Intimations of Immortality

I find myself reflecting on mortality these days—wondering as we all do whether the elusive entity that we call “self” survives the death of the body. One of the most tantalizing suggestions I’ve heard comes from psychologist and neuroscientist Stephen Kosslyn. Back in 2005, he was asked this question:

“What do you believe is true even though you cannot prove it?”

His answer really intrigued me:

Your mind may arise not simply from your own brain, but in part from the brains of other people.

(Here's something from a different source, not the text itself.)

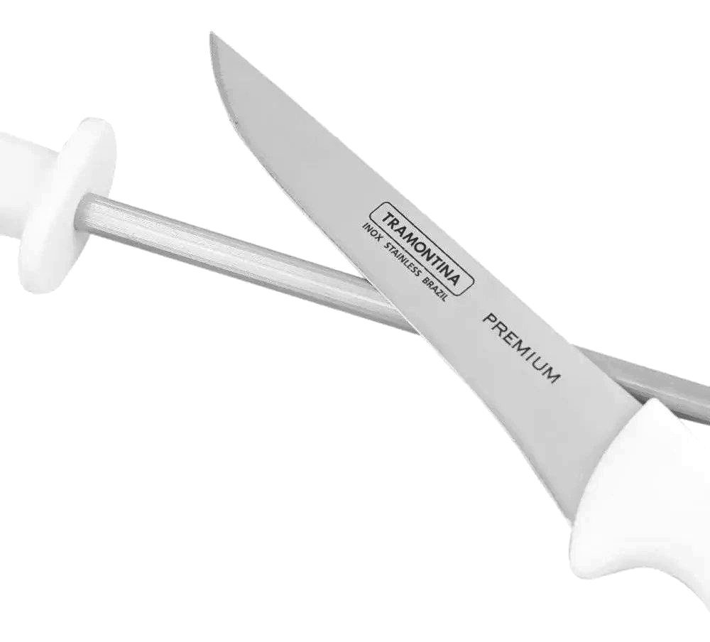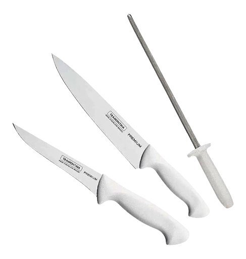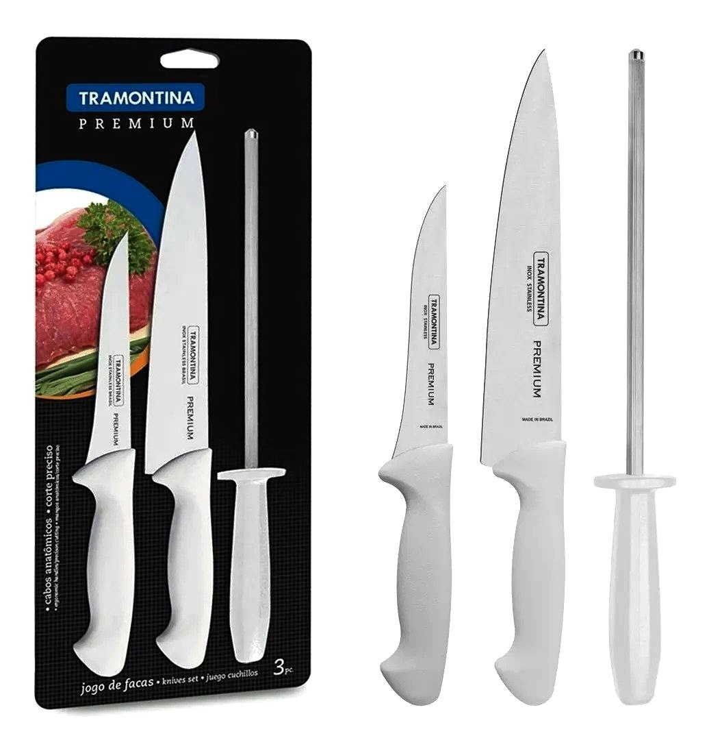 Para quem se arrisca na cozinha, ou mesmo para os mais experientes, o Jogo de Facas Tramontina Premium com Lâminas em Aço Inox e Cabos de Polipropileno Branco com Chaira 3 Peças é um item essencial. Com ele, o corte dos alimentos é facilitado pelo fio de alta durabilidade devido ao tratamento térmico aplicado nas lâminas de aço inox. A linha Premium pode ser lavada na máquina de lavar louças e te dá toda segurança e conforto no manuseio das peças. O jogo conta com dois modelos de facas e uma chaira que garante a afiação das mesmas. Aproveite todas essas vantagens incríveis na sua cozinha!

Sobo_1909_624Kosslyn’s explanation is simple and utterly non-mystical. To sum it up crudely, your mind is not entirely self-contained within your skull. In order to perform certain complicated mental tasks, you must extend the limits of your physical brain with “prosthetic systems”—for example, an electronic calculator to multiply 756 by 312, which is rather difficult to do in your head.

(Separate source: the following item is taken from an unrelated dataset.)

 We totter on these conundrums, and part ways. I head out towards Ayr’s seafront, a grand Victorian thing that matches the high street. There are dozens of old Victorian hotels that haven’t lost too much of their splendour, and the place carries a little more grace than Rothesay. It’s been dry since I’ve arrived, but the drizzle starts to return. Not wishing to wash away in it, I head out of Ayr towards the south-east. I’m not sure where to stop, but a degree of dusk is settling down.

As it happens, people perform this very same function for one another. Human beings set up what Kosslyn calls “Social Prosthetic Systems” (SPSs) in which people share their brainpower to solve countless challenges. A marriage might be the most sophisticated SPS of all—a relationship in which two people are constantly (and quite literally) sharing brains. As Kosslyn puts it,

parts of other people’s brains come to serve as extensions of your own brain. And if the mind is “what the brain does,” then your mind in fact arises from the activity of not only your own brain, but those of your SPSs.

Kosslyn isn’t blind to the enormous implications of this idea:

In fact, one could even argue that when your body dies, part of your mind may survive.

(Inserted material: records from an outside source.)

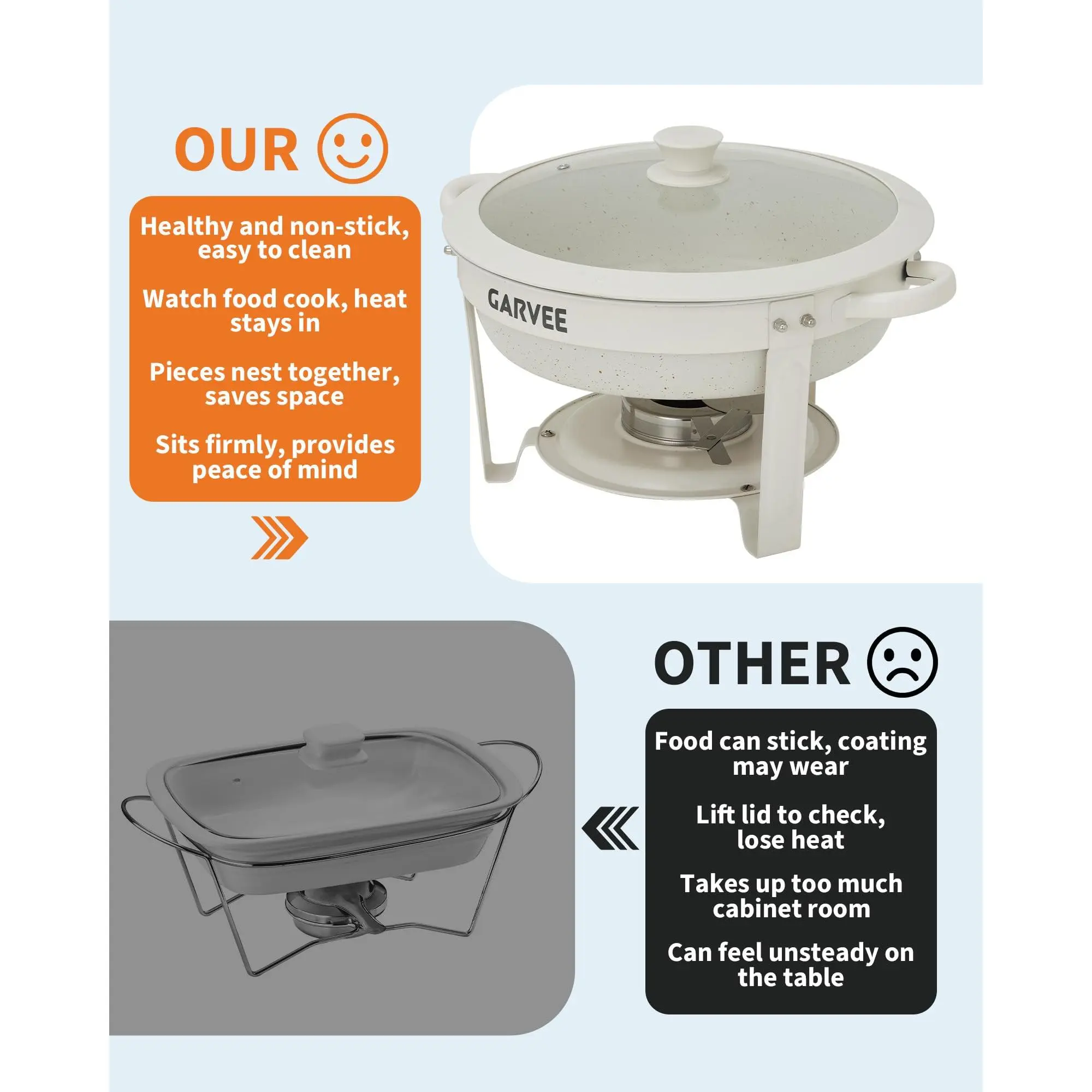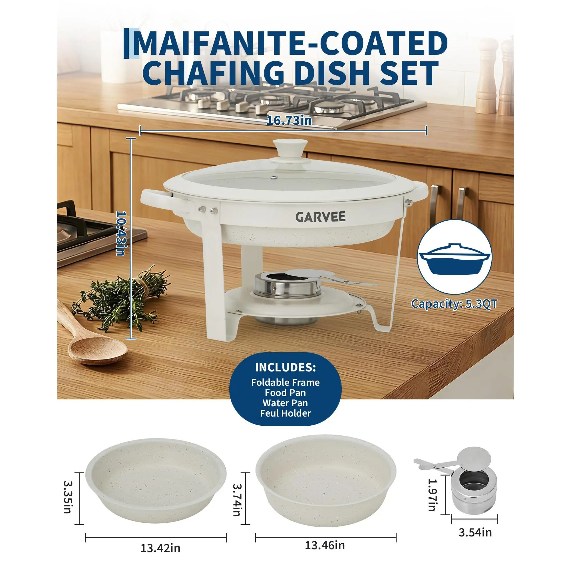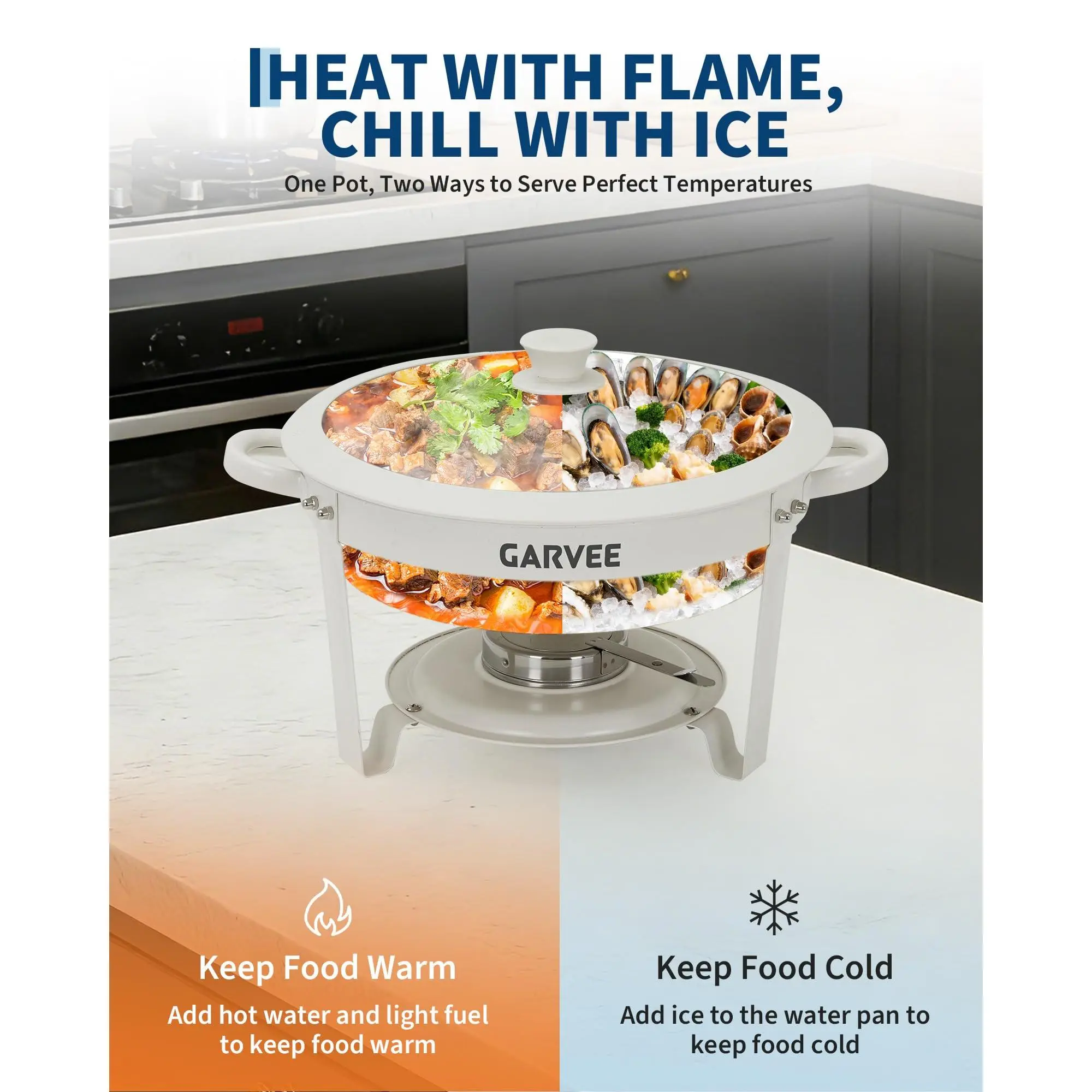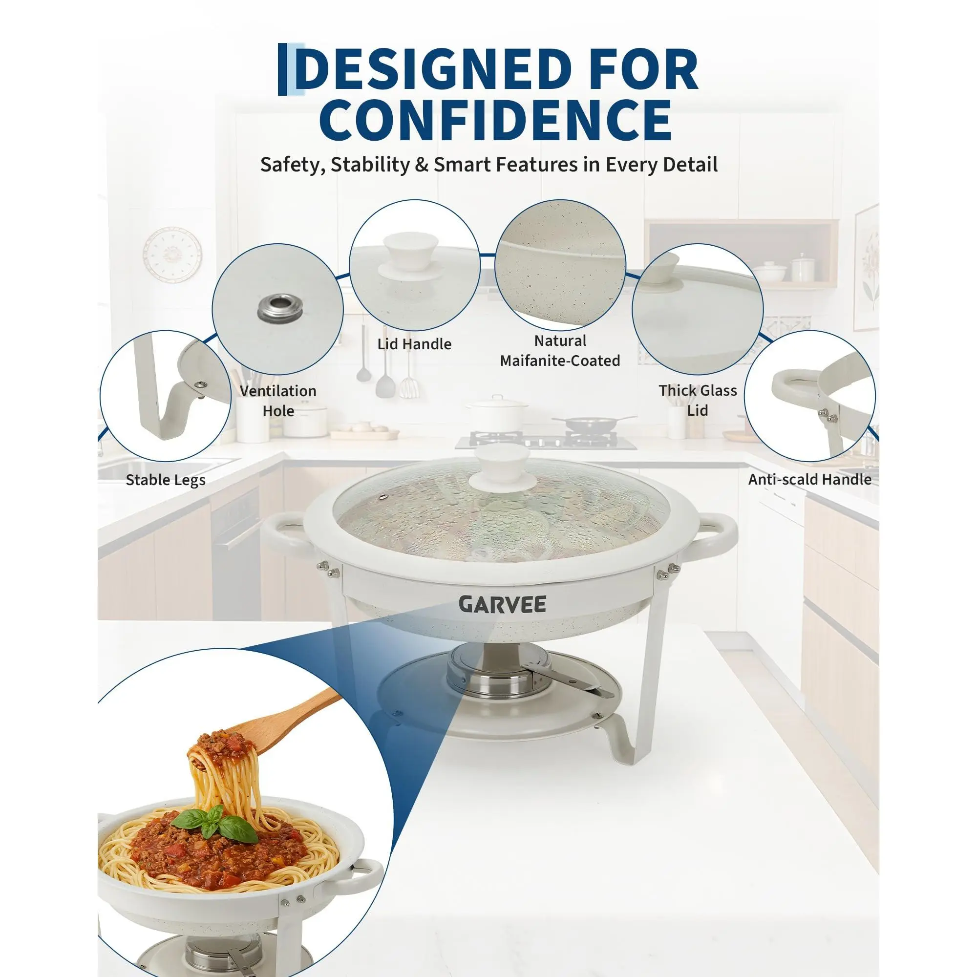Maifanite-Coated Interior: Premium maifanite-coated chafing dishes help deliver reliable heat retention and easy food release while enhancing durability. The smooth white finish adds a modern touch, making this buffet set both practical and elegant for professional or home use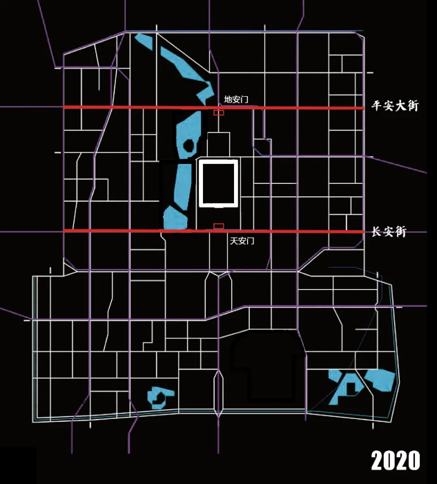 ▲自元代至今,平安大街區(qū)域的城市肌理變遷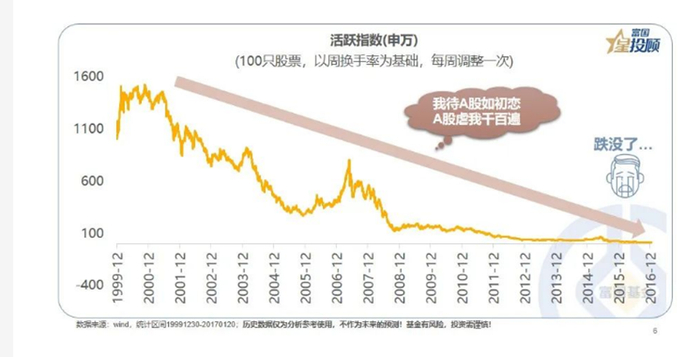 其次,坚持基本面投资,狂追热点不靠谱。申万活跃指数是以周换手率为基础,每周会选最活跃的100只股票,也代表“追热点”的投资方式。从2000年到2017年初,这个指数“跌没了”。

Cognitive scientist Douglas Hofstadter has expressed much the same notion:

You can imagine a soul as being a detailed, elaborate pattern that exists very clearly in one brain. When a person dies, the original is no longer around. But there are other versions of it in other people’s brains. It’s a less detailed copy, it’s coarse-grained.

This concept of life after death might strike you as painfully prosaic. It’s certainly a far cry from Wordsworth’s belief in a soul that not only survives the death of the body, but has existed always:

Our birth is but a sleep and a forgetting:
The Soul that rises with us, our life’s Star,
Hath had elsewhere its setting,
And cometh from afar:
Not in entire forgetfulness,
And not in utter nakedness,
But trailing clouds of glory do we come
From God, who is our home …

I’m open to such sentiments, which harmonize well with mainstream religious and mystical beliefs. But the simplicity and earthiness of Kosslyn’s idea holds a certain beauty for me. And I don’t seem to be alone in feeling this way.

After Hofstadter’s wife, Carol, died in 1993 at the age of 42, he experienced an epiphany while looking at her picture one day. In his book I Am A Strange Loop, Hofstadter describes how he was overcome with the realization that Carol’s soul and his own had fused “into one higher-level entity” shaped out of shared hopes and dreams for their children. Their hopes

were not separate or distinct hopes but were just one hope, one clear thing that defined us both, that wielded us into a unit, the kind of unit I had but dimly imagined before being married and having children. I realized that though Carol had died, that core piece of her had not died at all, but that it had lived on very determinedly in my brain.

That sounds to me like a kind of immortality well worth hoping for.